# Using an External Editor in Kontakt



## Mike Greene (Dec 20, 2014)

I do all my initial sample editing in ProTools, then I drag them into Kontakt. But sometimes I find that one or two of the samples have minor errors. Maybe there's a click I can fix with a pencil tool, or maybe the volume curve could use re-drawing, or whatever.

That little "External Editor" button seems perfect for these minor little fixes. Click the "Ext Editor" button, edit the sample in whatever audio app, then save it, and the old sample is replaced with the fixed one. Sounds good to me!

But unless I'm mistaken, ProTools wouldn't be the best option for this, because when I hit "Save" in ProTools, it saves the _session_, but not a tweaked version of the audio file.

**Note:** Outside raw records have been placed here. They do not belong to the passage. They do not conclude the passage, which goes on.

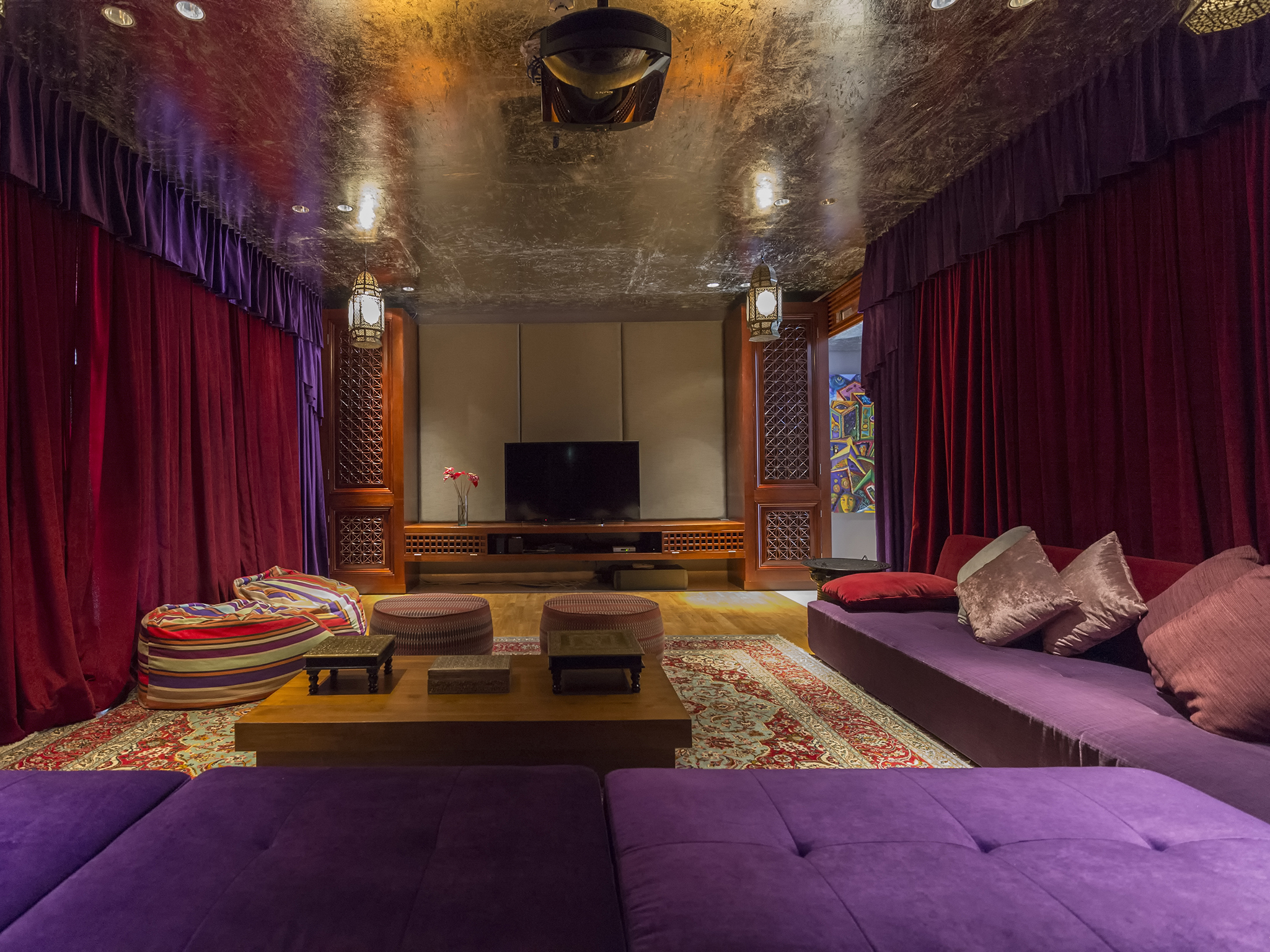 The Moroccan-themed home cinema – where velvet drapes hug burgundy walls and an L-shaped sofa can seat an audience of 12 – offers a huge pull-down projector screen, a 60-inch satellite-channel TV and a large collection of on-demand titles. A games room is well stocked with air hockey and foosball tables, Xbox, PlayStation and Nintendo, as well as board games. It also has its own bathroom and a small bar area.
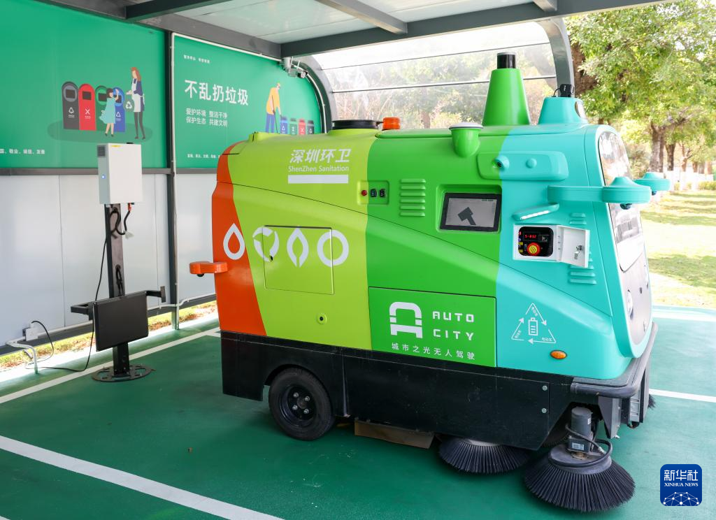 3月19日,在深圳市坪山区坑梓街道,环卫机器人完成清扫工作后回到基站进行无线充电。
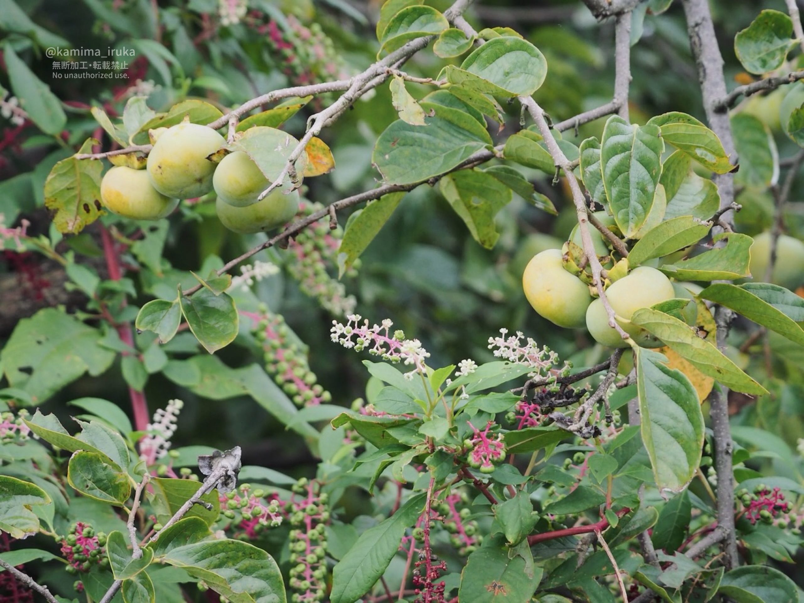 柿とヨウシュヤマゴボウのコンビネーションや、倒れて渦を巻いている稲穂(はやく収穫してあげて…)に、そこはかとなく「秋」を感じておりました。
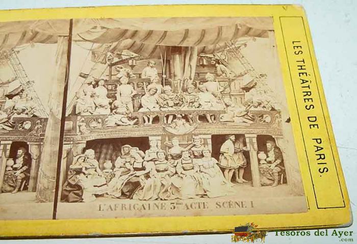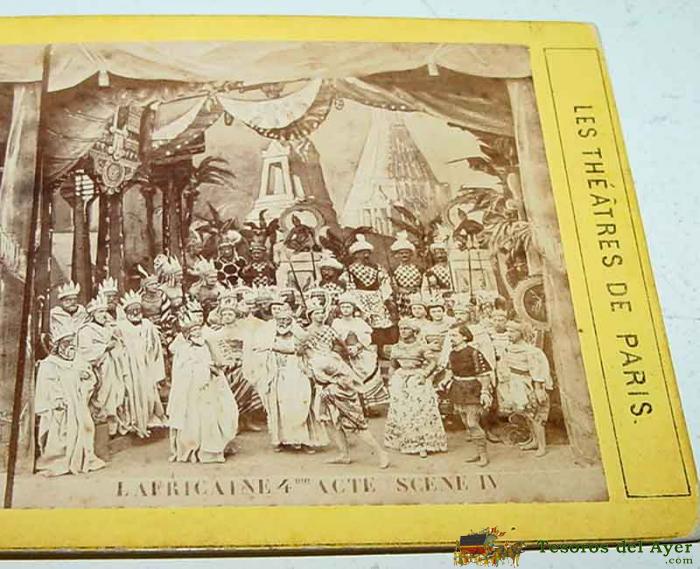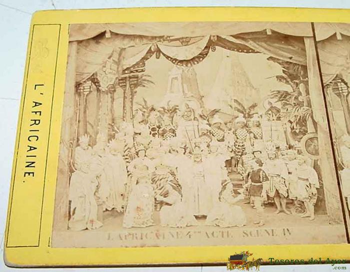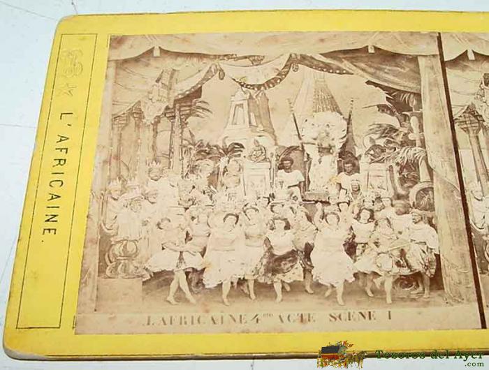 ANTIGUA FOTO ESTEREOSCOPICA DE LA OPERA LA AFRICANA - MIDE 18X8,5 CMS. - SIGLO XIX - AFRICAINE - GIACOMO MEYERBEER - óPERA EN CINCO ACTOS CON LIBRETO DE SCRIBE, QUE SE ESTRENó PóSTUMAMENTE A LA MUERTE DEL AUTOR, EL 28 DE ABRIL DE 1865 EN LA ÓPERA DE PARíS
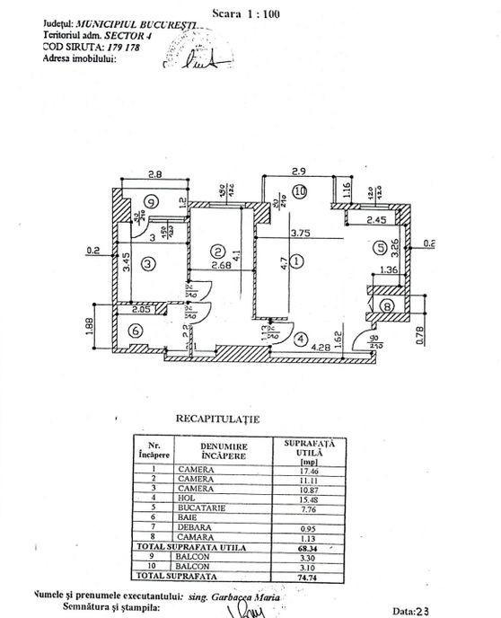 ID 3C015 Va propunem spre vanzare un apartament cu 3 camere semidecomandat situat la 4 minute de mers pe jos de Bulevardul Alexandru Obregia si de mijloacele de transport in comun Suprafata 68 mp Etaj 4/4 Se preda mobilat-utilat Dispune de loc de parcare Actele sunt pregatite pentru vanzare mutare imediata Comision standard Pret 95 800 euro Pentru mai multe detalii programari pentru vizionare sau oferte similare ma puteti contacta la 0731 631 324 - Elena
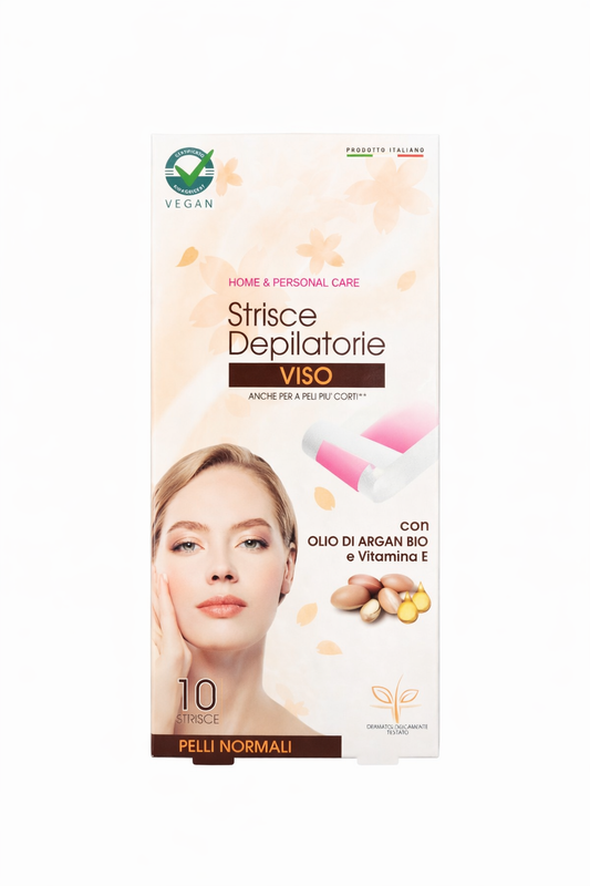 Strisce Depilatorie Viso con Olio di Argan BIO e Vitamina E – Ceretta a Freddo per Baffetti e Peli Corti – Delicate sulla Pelle, Azione Nutriente – OFFERTA 5 Confezioni da 10 Strisce (50 Totali)
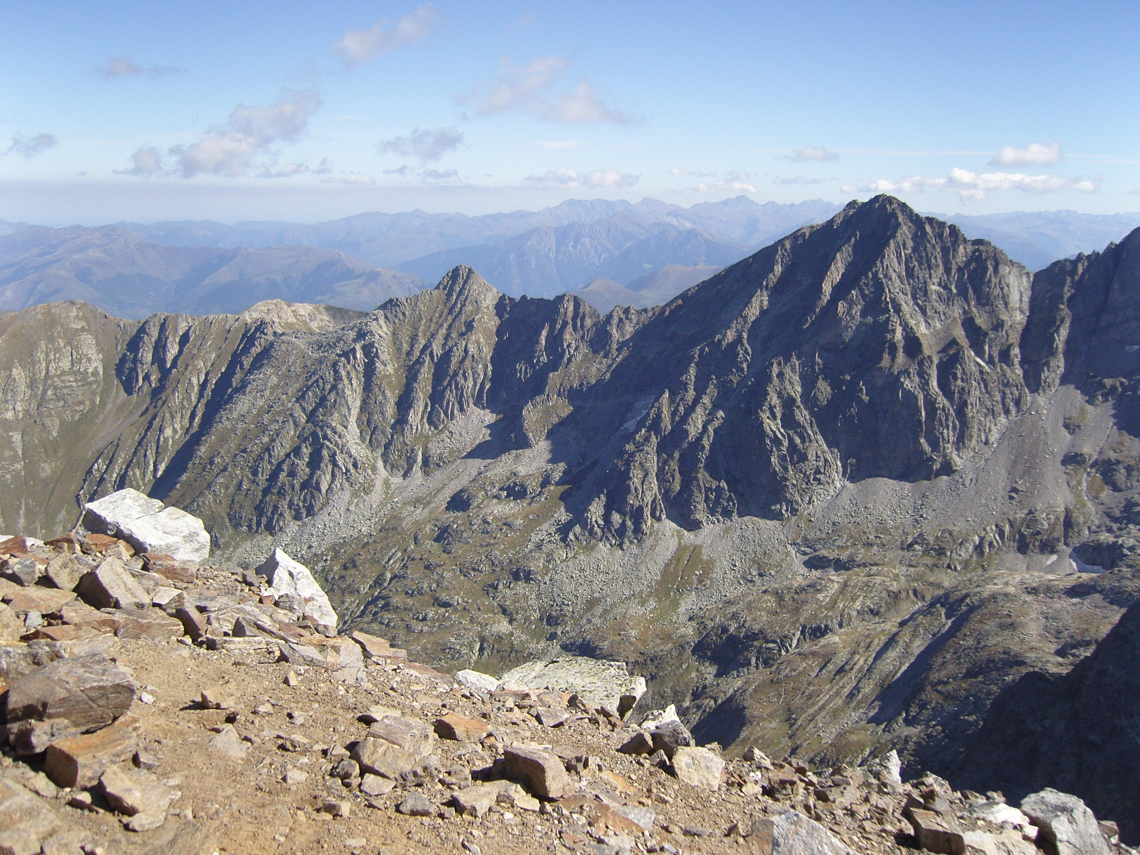 Arrivée au sommet du Pic des Spijeoles (3065 m) : les efforts sont enfin récompensés avec une vue imprenable sur les 3000 du Luchonnais, les sommets ariégeois et bigourdans, la Vallée de la Garonne, la plaine toulousaine, ...
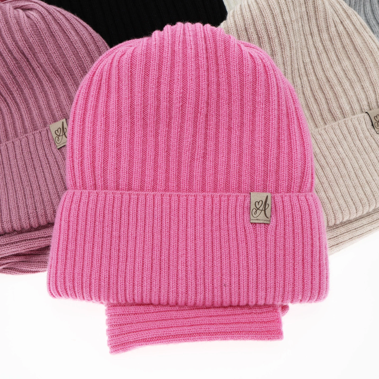 Winterset Mädchen: Mütze und Schlauchschal aus 100% Merinowolle, Rosa, Patricia
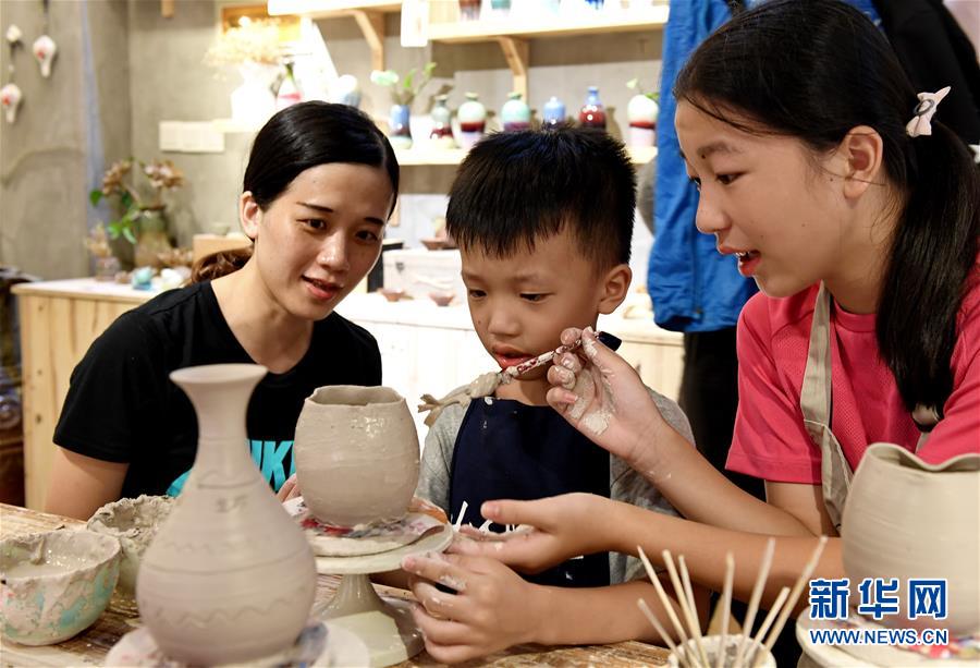 小游客在鼓浪嶼商鋪學(xué)習(xí)陶藝(8月29日攝)。被列入世界文化遺產(chǎn)名錄的廈門鼓浪嶼以其風(fēng)格迥異、中西合璧的建筑,富有特色的商鋪吸引了四面八方的游客。 新華社記者 張國俊 攝 -
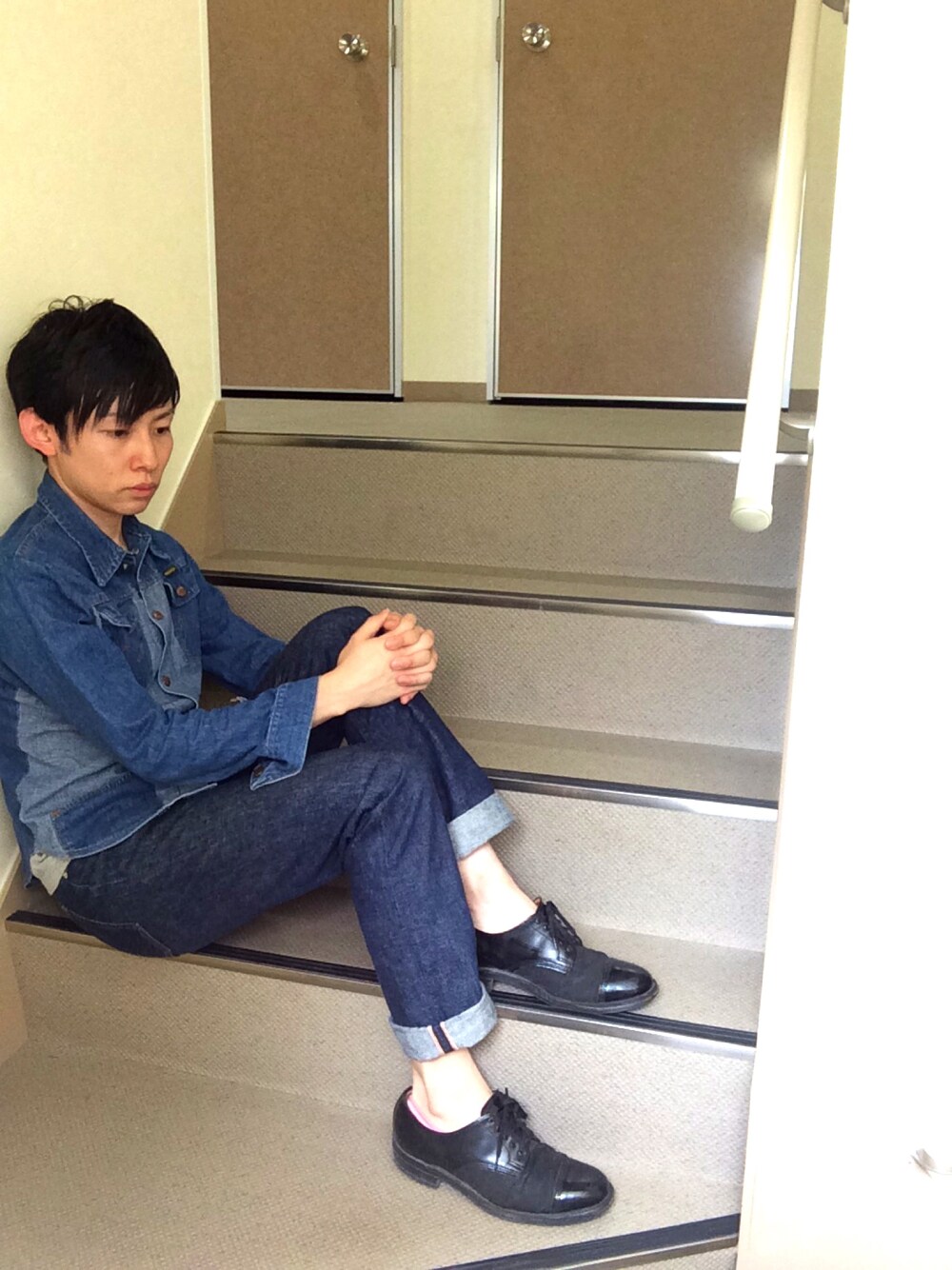 デニム×デニム 切り替えしのある古着のデニムシャツに濃色のデニムを合わせてグラデーションにしました。スニーカーだとラフになりすぎるのでブラックのシューズで締めています。

I could go through a few extra steps and save the audio file to the same name, but it seems a bit cumbersome.

So what do you guys (who are on Macs) use as an external editor? Ideally I'd like to use an app that when I hit the "Ext. Editor" button, then the sample loads in my editing app, I do a tweak or two, then hit "Save," which replaces the old sample file with the new fixed one. (Keeping the same name.)


----------



## polypx (Dec 20, 2014)

I still use Peak as my Ext Editor for Kontakt, although it's been discontinued for some time now v7 is still working fine here. 

I also occasionally use SoundForge Mac, but it's seriously bloat-ware and incredibly slow compared to Peak. It 'does' handle multi-channel WAVs tho, which is rare on Mac.


Edit PS I just discovered Stefano Daino's DSP Quattro is still rolling along. I used this software a long time ago and it was solid... I'd definitely try it again if my current system stopped working: http://www.dsp-quattro.com


----------



## wst3 (Dec 21, 2014)

might be a little bit of overkill, but I really like Wavelab and Sound Forge, both of which are cross platform, both of which will do exactly what you want in terms of saving the file with the proper name, and they are both really good audio editors. There are lite versions of each one to help you get started.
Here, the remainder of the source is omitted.